• **AIM OF THE TASK**
Give back the full listing exactly, setting the pictures aside.

[[ DATA PROVIDED open ]]

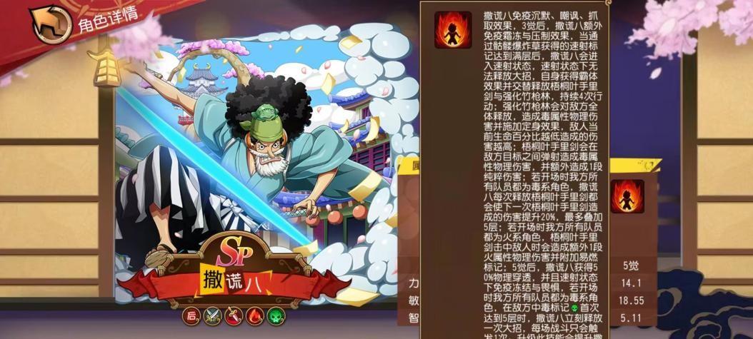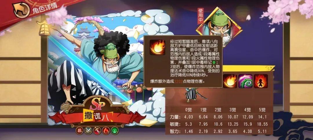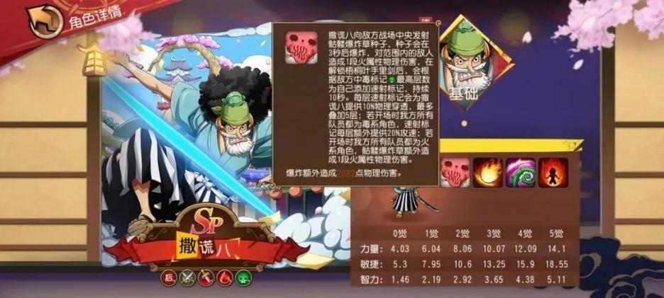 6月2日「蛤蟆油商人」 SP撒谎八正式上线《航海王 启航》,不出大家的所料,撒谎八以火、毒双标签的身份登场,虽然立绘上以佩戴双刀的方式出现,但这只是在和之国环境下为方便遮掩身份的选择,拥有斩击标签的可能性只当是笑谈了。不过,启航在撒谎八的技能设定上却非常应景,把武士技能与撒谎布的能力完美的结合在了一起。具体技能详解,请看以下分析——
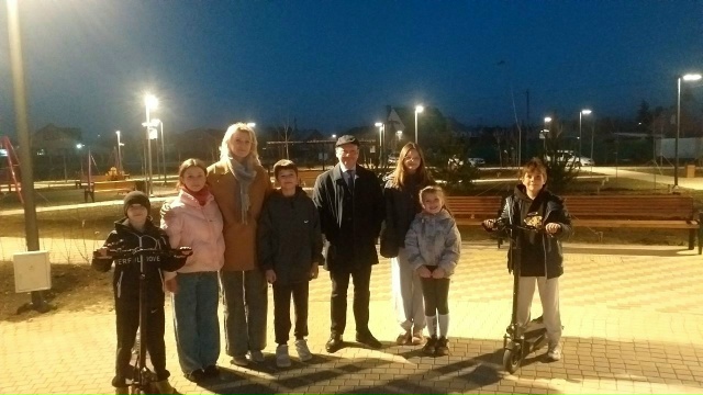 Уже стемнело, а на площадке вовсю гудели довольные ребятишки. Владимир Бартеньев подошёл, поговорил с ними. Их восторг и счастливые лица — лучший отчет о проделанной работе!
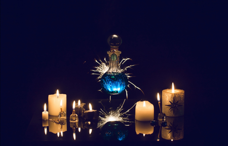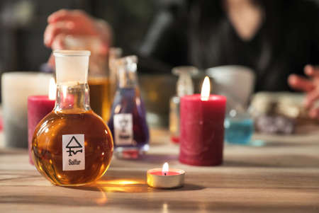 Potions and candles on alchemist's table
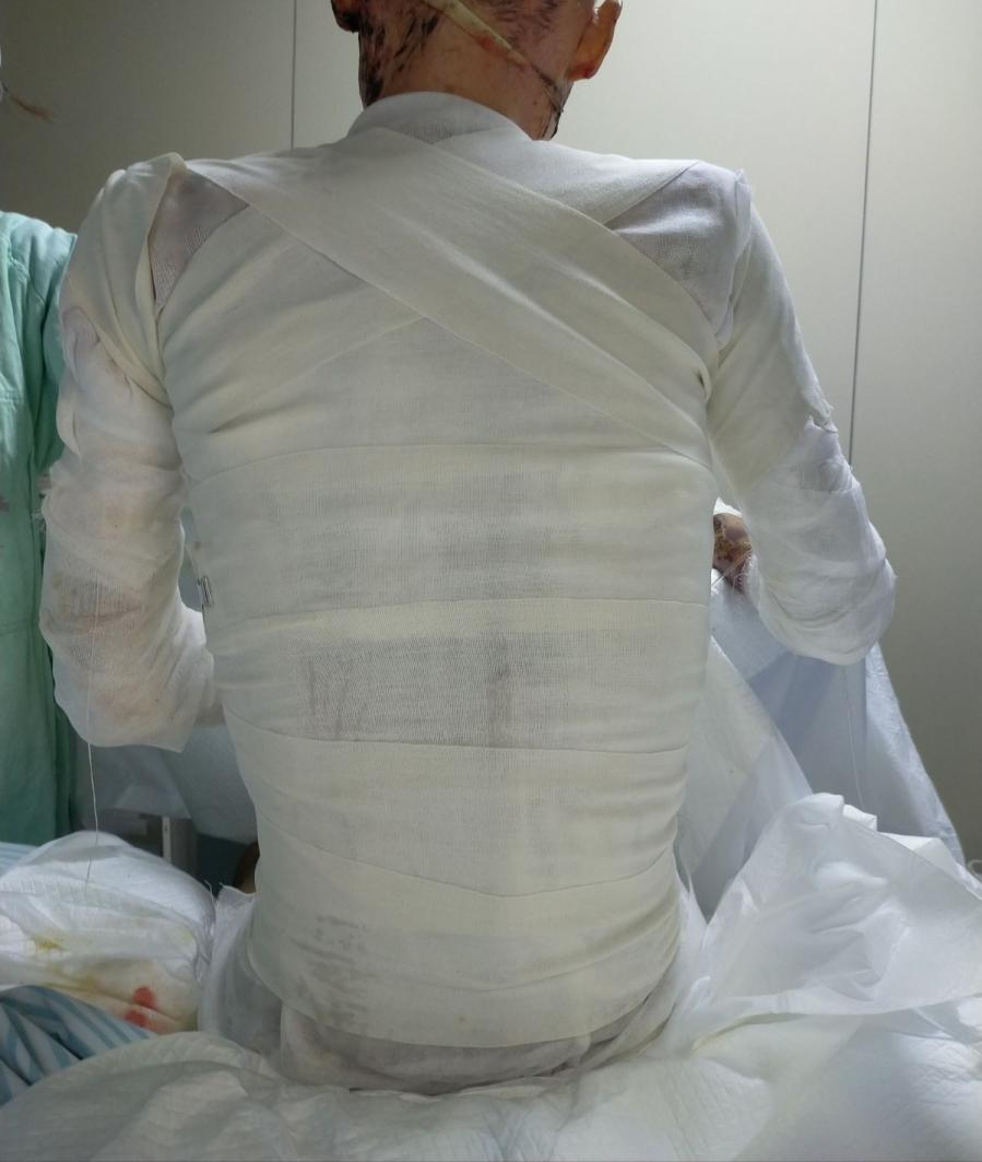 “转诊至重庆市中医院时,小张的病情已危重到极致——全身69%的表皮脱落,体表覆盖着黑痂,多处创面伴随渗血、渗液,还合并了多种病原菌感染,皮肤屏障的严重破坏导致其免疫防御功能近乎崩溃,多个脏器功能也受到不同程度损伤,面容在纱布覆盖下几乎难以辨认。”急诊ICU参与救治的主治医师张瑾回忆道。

[[ DATA PROVIDED closed ]]

• **THE ANSWER**
 6月2日「蛤蟆油商人」 SP撒谎八正式上线《航海王 启航》,不出大家的所料,撒谎八以火、毒双标签的身份登场,虽然立绘上以佩戴双刀的方式出现,但这只是在和之国环境下为方便遮掩身份的选择,拥有斩击标签的可能性只当是笑谈了。不过,启航在撒谎八的技能设定上却非常应景,把武士技能与撒谎布的能力完美的结合在了一起。具体技能详解,请看以下分析——
 Уже стемнело, а на площадке вовсю гудели довольные ребятишки. Владимир Бартеньев подошёл, поговорил с ними. Их восторг и счастливые лица — лучший отчет о проделанной работе!
 Potions and candles on alchemist's table
 “转诊至重庆市中医院时,小张的病情已危重到极致——全身69%的表皮脱落,体表覆盖着黑痂,多处创面伴随渗血、渗液,还合并了多种病原菌感染,皮肤屏障的严重破坏导致其免疫防御功能近乎崩溃,多个脏器功能也受到不同程度损伤,面容在纱布覆盖下几乎难以辨认。”急诊ICU参与救治的主治医师张瑾回忆道。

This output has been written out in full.